No obstante, en mi opinión, este último programa (The Listeners [Los oyentes]), a pesar de su habilidad para unir a tres hombres cuyas vidas estaban dedicadas a la escucha, y a pesar de ser presentado con experta relevancia y sutileza por el más admirado periodista ciego del Reino Unido, caía en la trampa del productor «ansioso de sonido»: nunca se permitía que los ruidos respirasen, que hablasen por sí mismos.
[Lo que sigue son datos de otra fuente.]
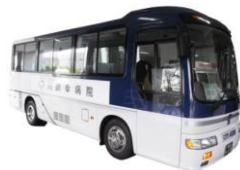
大型シャトルバス
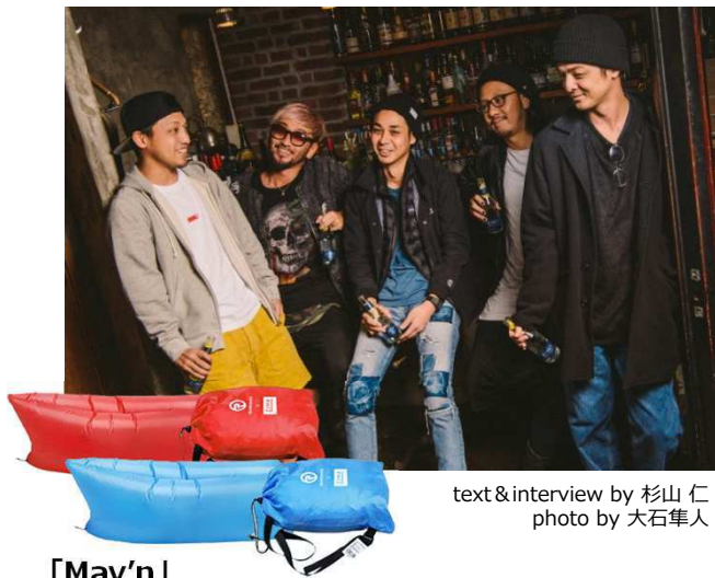
text&interview by 杉山 仁

El productor se apoyaba en una atractiva pero segura banda musical para proporcionar al oyente una referencia a la que agarrarse en su recorrido por el campo sonoro… Me hizo recordar otra serie –realizada también por un creador de programas de gran calidad– que se proponía exhibir la maravillosa variedad de sonidos (como un «cantante» desierto de China) recopilados por un ferviente «cazador de sonidos» por todo el mundo. A pesar de lo ambicioso del programa, tan grande era nuestro reflejo instintivo de simplemente matar el sonido y seguir con el periodismo que solamente en raras ocasiones se permitía que estos maravillosos tramos acústicos se escucharan durante algo más de un puñado de segundos.

Una vez más, recientemente tuve que ayudar a una colega que estaba montando un programa sobre las experiencias de un joven explorador hace veinte años en Papúa Nueva Guinea. El programa incluía algunos de los más extraordinarios y completos documentos sonoros que he oído nunca –una completa grabación sonora de la vida del explorador en un remoto poblado nativo y sus ritos de iniciación durante los cuales la carne de su pecho fue tatuada con dibujos de cocodrilos–. Fue un asombroso viaje por el sonido que había permanecido intacto durante años en la colección del explorador. Pero incluso con este extraordinario material en sus manos, la productora en un principio pareció resistirse a dejarlo vivir. Admitió haber sentido temor a dejar que los puros ruidos respiraran, e incluso en la mezcla final, demasiado a menudo, la narración (por otra parte vigorosa) irrumpía aparatosamente para explicar lo que estaba ocurriendo.

«Muestra, no cuentes» es una máxima a la que yo prefiero adherirme, y a la cual añadiría: «intriga». Y si prolongando un poco más la suspensión del periodismo, y dejando que los sonidos emerjan desde los agujeros donde han permanecido ocultos durante demasiado tiempo, podemos exigir un poco más de nuestros oyentes, por pobres en tiempo que puedan ser, entonces tal vez podamos invertir la corriente. Podemos interrumpir la putrefacción que nos lleva a un diluvio cacofónico de palabras ininterrumpidas y relativamente insignificantes: sonido y furia que nada significan. En su lugar, todos nosotros, oyentes y productores por igual, habremos aprendido un poco mejor a prestar atención, a pensarnos las cosas dos veces, a… escuchar.